再一想在山上的时候,他看见这铁片,眼睛猛然一亮,当时绝非是我的错觉,只是被我一厢情愿地给否认了。
也是他掩饰的太过严密!
此人,绝非常人!
如果又有机会再见的话,一定要问问他。
正在胡思乱想,我突然发现地上的这几个字迹竟然在慢慢变大,我瞪大眼睛,小心翼翼地凑上去看,只见这些字原来是一些大蚂蚁组成的!
它们现在各走,然后又慢慢汇拢到一起,紧接着有组成了几个字,我定睛一看,是:“厉害吧,后会有期!”
然后,这些大蚂蚁便四散而逃了。
我目瞪口呆地站在那里,喃喃自语道:“厉害!厉害!太厉害了!”
一个人能把蚂蚁控制到这种地步,简直比魔术还神奇。
我对那个邋遢男人的敬仰之情,更增添了许多。
这么看来,那条土谷蛇根本就不能伤他。
甚至说不定,那条土谷蛇就是他故意引过去玩的。
怪不得池农说他身上有股异味,像是什么药,看来不错了。
“啧啧……”我忍不住赞叹起来。
忽然间,我又想到,之前袭击我们的那些蟑螂,也是被人控制的,会不会是同一个人?
很快,我便否定了这个念头,控制蟑螂的人明显是要杀我们三个,而控制蚂蚁的这个人明显是要救我,怎么可能是同一个人。
这时候,我兜里的电话忽然响了起来,我拿出来一看是郑蓉蓉的,立即想起来她还在山下等着我呢,我赶紧接通。
郑蓉蓉在那边道:“你出来了没有?”
我说:“出来了,马上下去!”
郑蓉蓉道:“怎么回事?都等了半个钟头了,你在干嘛呢,不会是在打扮吧?不用了,随便就行。”

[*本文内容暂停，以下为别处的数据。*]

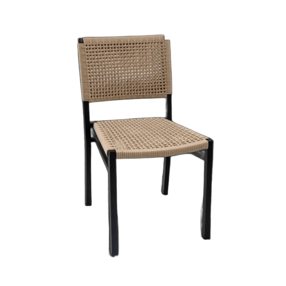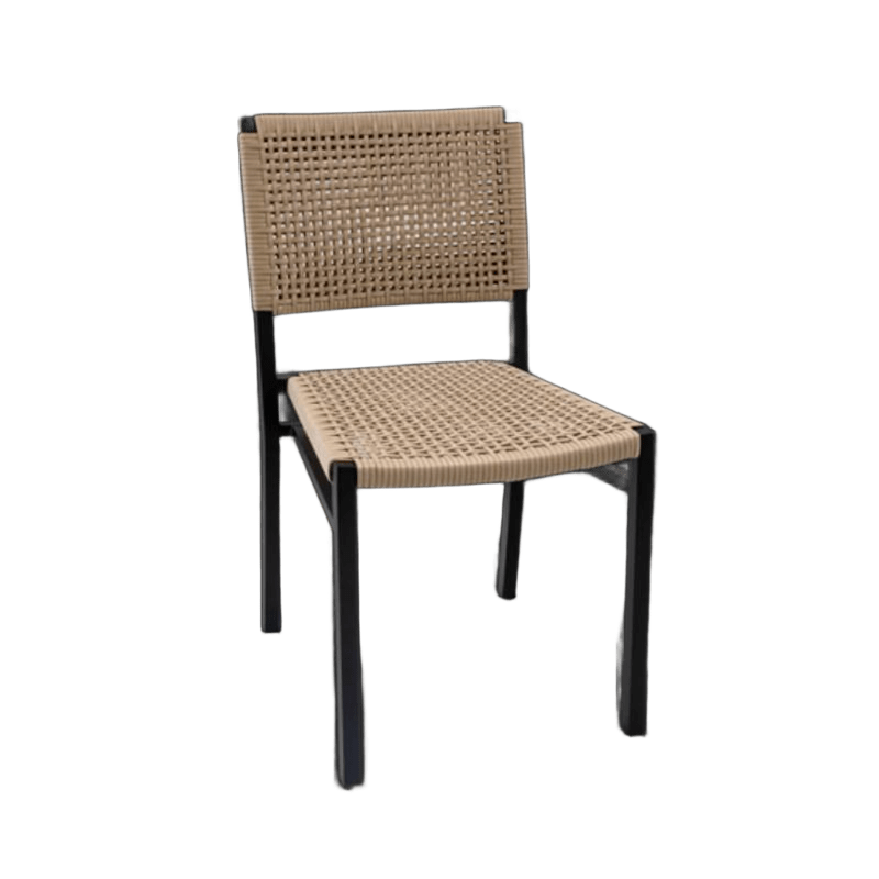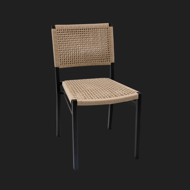 A Cadeira Genebra sem braço traduz a essência do design contemporâneo aliado ao conforto e à durabilidade exigidos para ambientes sofisticados. Seu trançado em corda náutica, cuidadosamente aplicado, cria uma superfície envolvente que abraça o corpo com conforto e leve elasticidade, tornando a experiência de uso agradável mesmo em longos períodos à mesa.

我说:“打扮什么,我才没有呢。有一点事儿耽误了,我马上下去啊。”
挂了电话之后,我也来不及细想了,反正没有出什么大事儿就好,我急匆匆地往山下奔去。
临到停车场地的时候,我便看见一辆红色跑车耀眼地停在那里,一个更为耀眼的美女亭亭玉立地站在车旁。
美女身上,首先映入我眼中的就是她的一双长腿,白皙修长,在一条堪堪触膝的黑色短裙映衬下,更显得勾人夺目。
那自然是郑蓉蓉。
郑蓉蓉实在是太美了,每次看见她时,我都不由自主地呼吸一滞,有种提不上来气的感觉。
我朝她摆了摆手,然后跑了过去。
她的长发在风中飘扬,一张略显忧郁的脸上,眉目如描如画,正如含烟笼雾般望着我。
我跑到她身边,道:“不好意思,让你久等了。”
郑蓉蓉“嗯”了一声,然后讶然道:“你的衣服上怎么这么多土?”
说着,就上来给我拍。
我一想自己刚才醒过来时,从山道上站起来后,忘了拍打,身上肯定沾的有土。
于是我说:“刚才在山上摔了一跤。”
郑蓉蓉看了我一眼,道:“不用那么着急,我等着你呢。”
我一愣,立即想到她是误会了,她肯定是以为我着急见她,所以才摔跤的。
我想了想,这样误会也没什么不好,便没有去解释。
郑蓉蓉给我拍了拍衣服,脸上的表情似乎轻松了一些,这样一来,更显得好看了许多,而我的眼睛又不由自主地瞟了一眼她的美腿。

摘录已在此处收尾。